Keep at it. You will get better.

Its the only reason I grow. Nothing but shit weed around here. The good stuff is 10 to 20 bucks a gram. Screw that.


----------



## giglewigle (Jan 21, 2018)

whitebb2727 said:


> Keep at it. You will get better.
> 
> Its the only reason I grow. Nothing but shit weed around here. The good stuff is 10 to 20 bucks a gram. Screw that.


im glad i got a good connect for rosin recently bit expensive for me at 100 a gramm but i have piece of mind that tje weed was grown properly and tje dude knows what hes doing


----------



## curious2garden (Jan 21, 2018)

whitebb2727 said:


> What ever works for you.
> 
> Keep it super simple and less is more. Those are the most important things to remember when growing.
> 
> ...


I'm in 50/50 coco coir/perlite in a dtw setup. I love it. Super simple, I've used DynaGro's Foliage Pro for veg but since their Bloom precipitates terribly and won't return to solution I use General Hydroponics Flora Series for the entire grow cycle with great success.

I'm not a green thumb type person and could kill a philodendron so having the exact parameters for Hydroponics that I can change without the lag you get in soil works for me. I also use CaliMagic which is General Hydroponics Ca/Mg supplement because it has a better ratio for cannabis at 5:1.

I use DynaGro's ProTekt (Si supplement), and their KLN (rooting hormone for cloning). Any grow questions about coco I'll do my best. @Gary Goodson @Bob Zmuda @Diabolical666 are probably three of the best growers I know around here. If you have questions they are a great resource.


----------



## Bob Zmuda (Jan 21, 2018)

giglewigle said:


> im glad i got a good connect for rosin recently bit expensive for me at 100 a gramm but i have piece of mind that tje weed was grown properly and tje dude knows what hes doing


Sorry things are tough right now man. I've been there. 

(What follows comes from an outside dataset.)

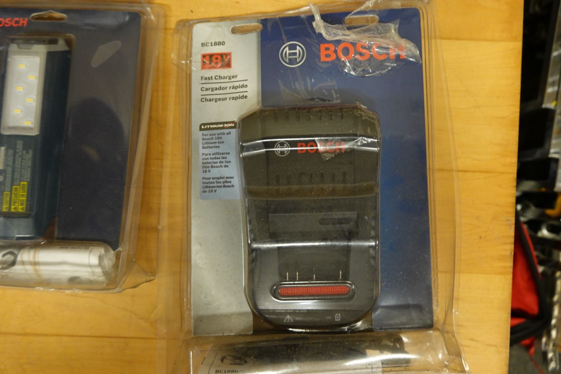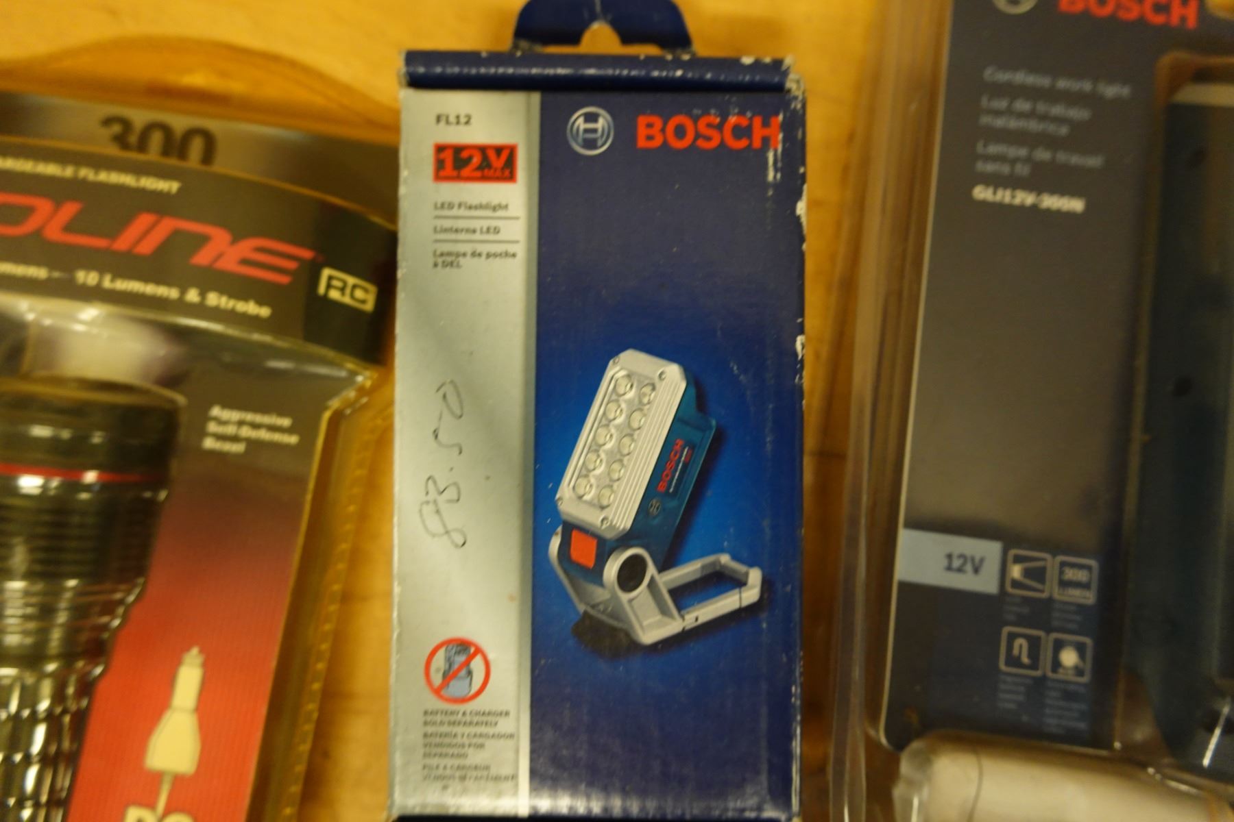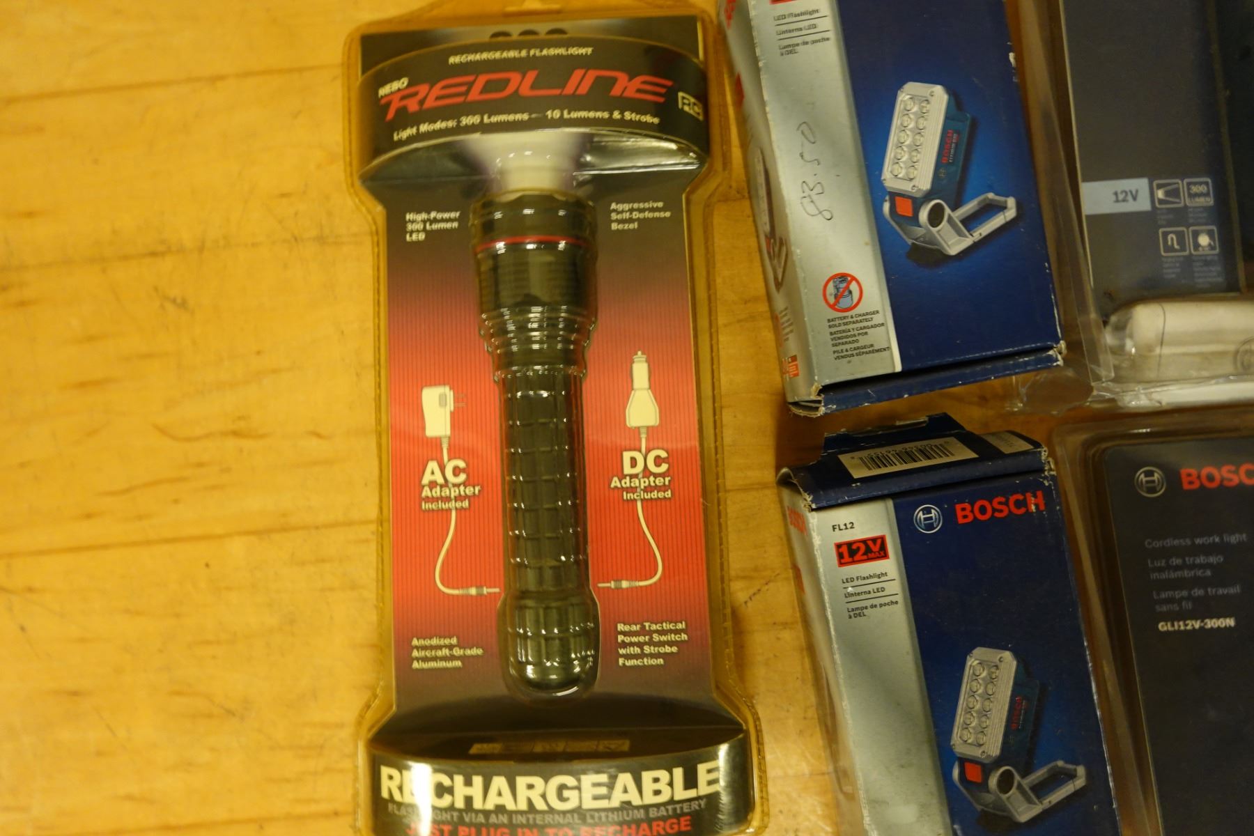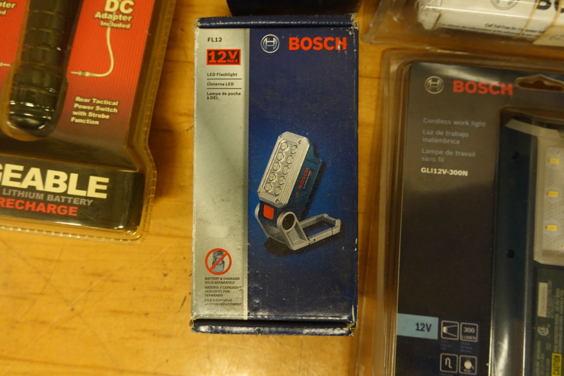 Multiple Bosch Cordless Work Lights, Batteries & Charging Accessories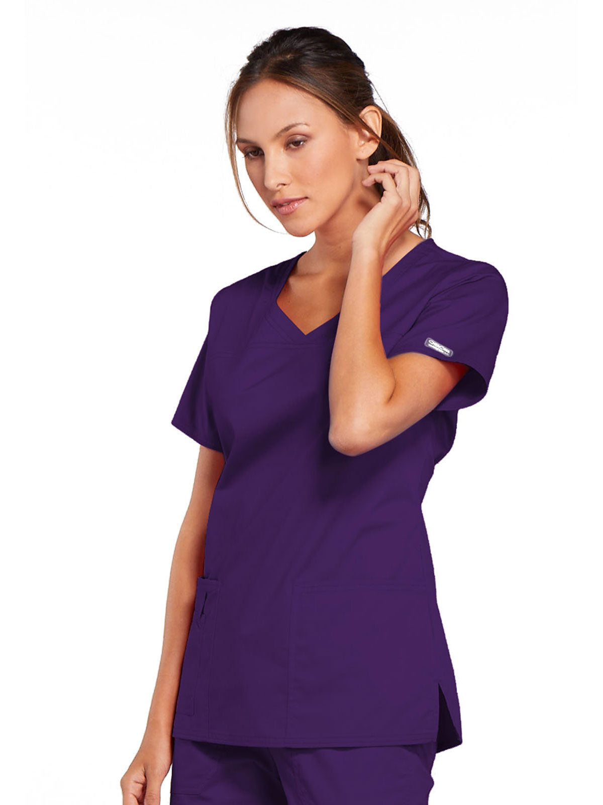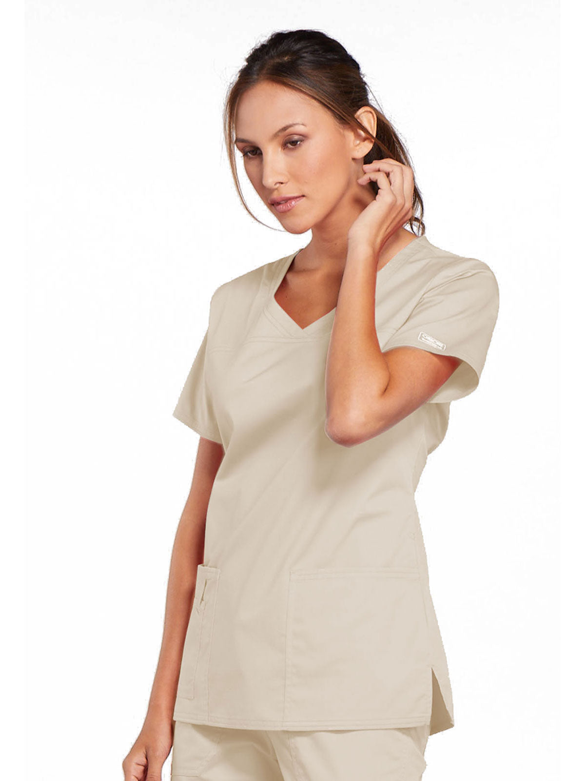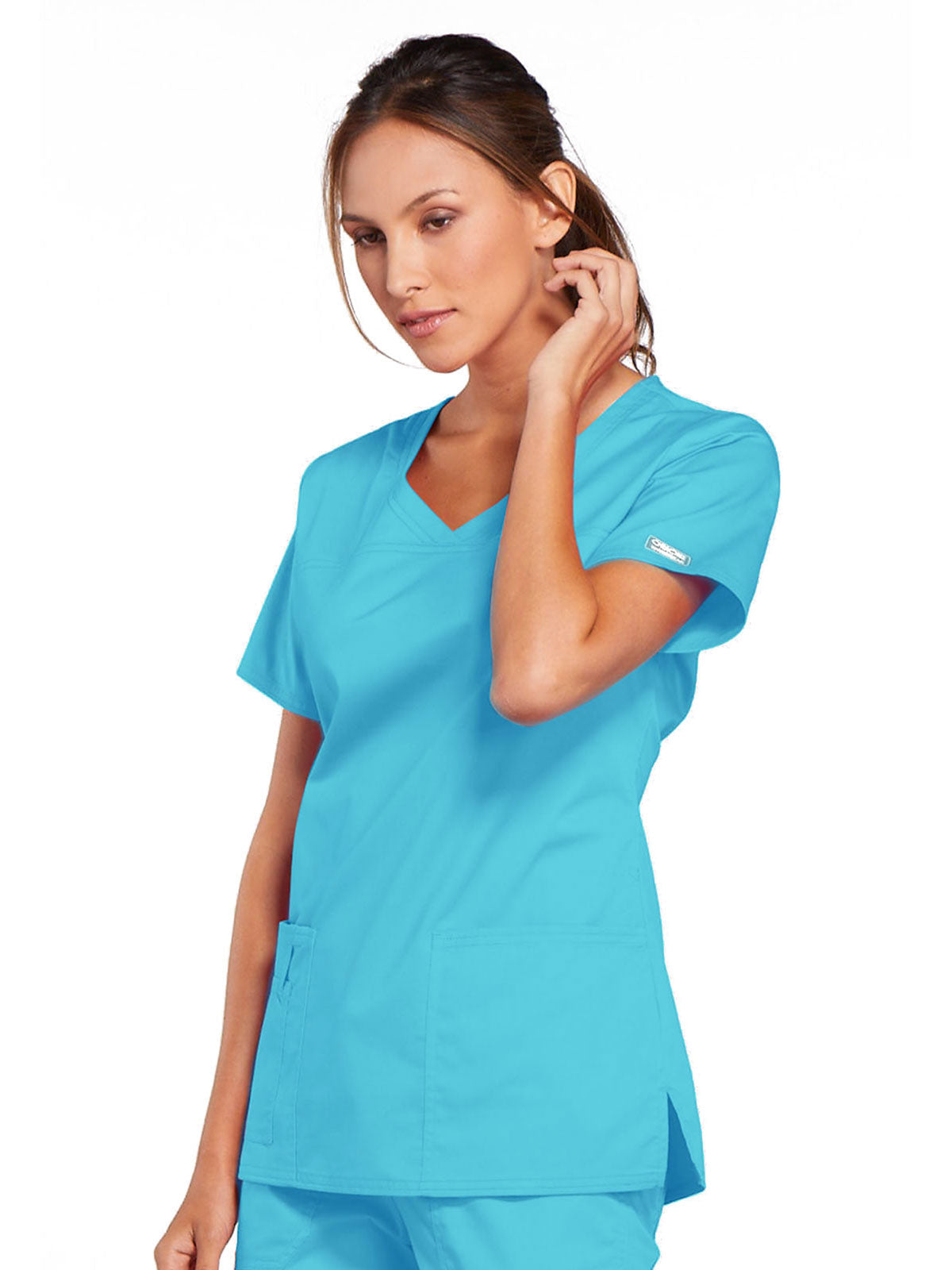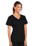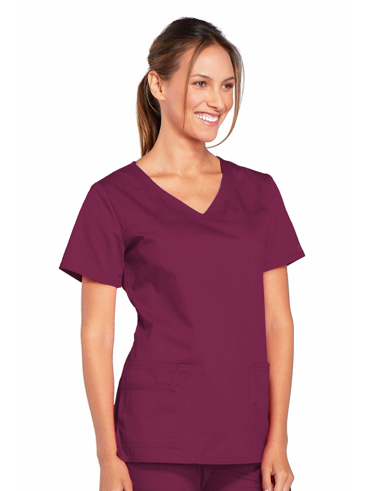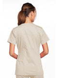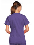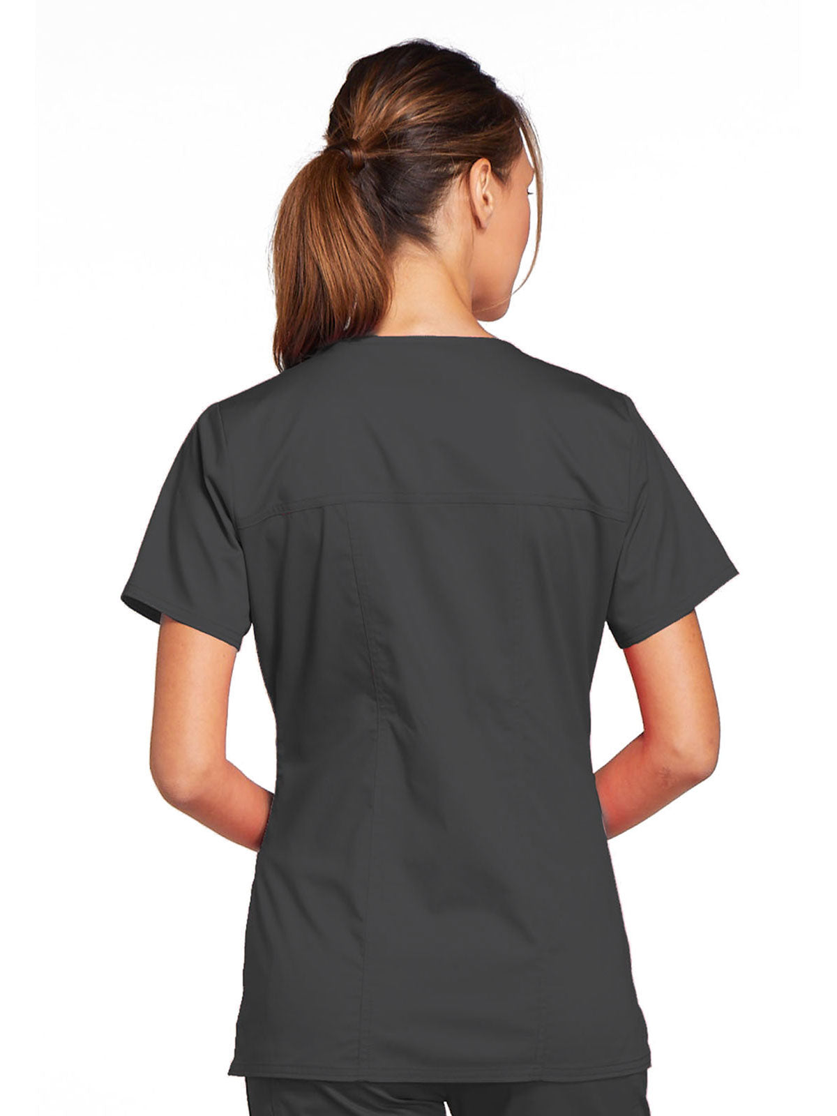A Modern Classic Cherokee workwear core fit V-neck top features crossover front yokes and patch pockets. The right side pocket has a sectional pocket and I.D. loop. A back yoke, back princess seams, and side vents complete the picture. Center back length: 27".

We are here to help if you need.


----------



## giglewigle (Jan 21, 2018)

Bob Zmuda said:


> Sorry things are tough right now man. I've been there.
> 
> We are here to help if you need.


cheers man means alot actuelly not that i remebered i flipped last night and im not sure if i should turn tje bloom switch on when thay where seedlings i had it on accedently and light burned them should i wait till it starts puting out preflowers or wait till stretch os over and its putting all its effert in budding cheers


----------



## whitebb2727 (Jan 21, 2018)

Bob Zmuda said:


> Sorry things are tough right now man. I've been there.
> 
> We are here to help if you need.


That's very true. Most everyone that knows me here knows I've had it hard the last year or so. My mom breaking her arm and surgery. My wife sick. Its a lot to handle. 

I'm the rock in my family. Everyone leans on me. Depends in me. I've had times where I thought about breaking down. We've all been there. Sometimes life kicks your ass.

Thing is Curioustogarden gave me a shoulder to lean on. Talked to me and gave me an outlet to vent a bit. 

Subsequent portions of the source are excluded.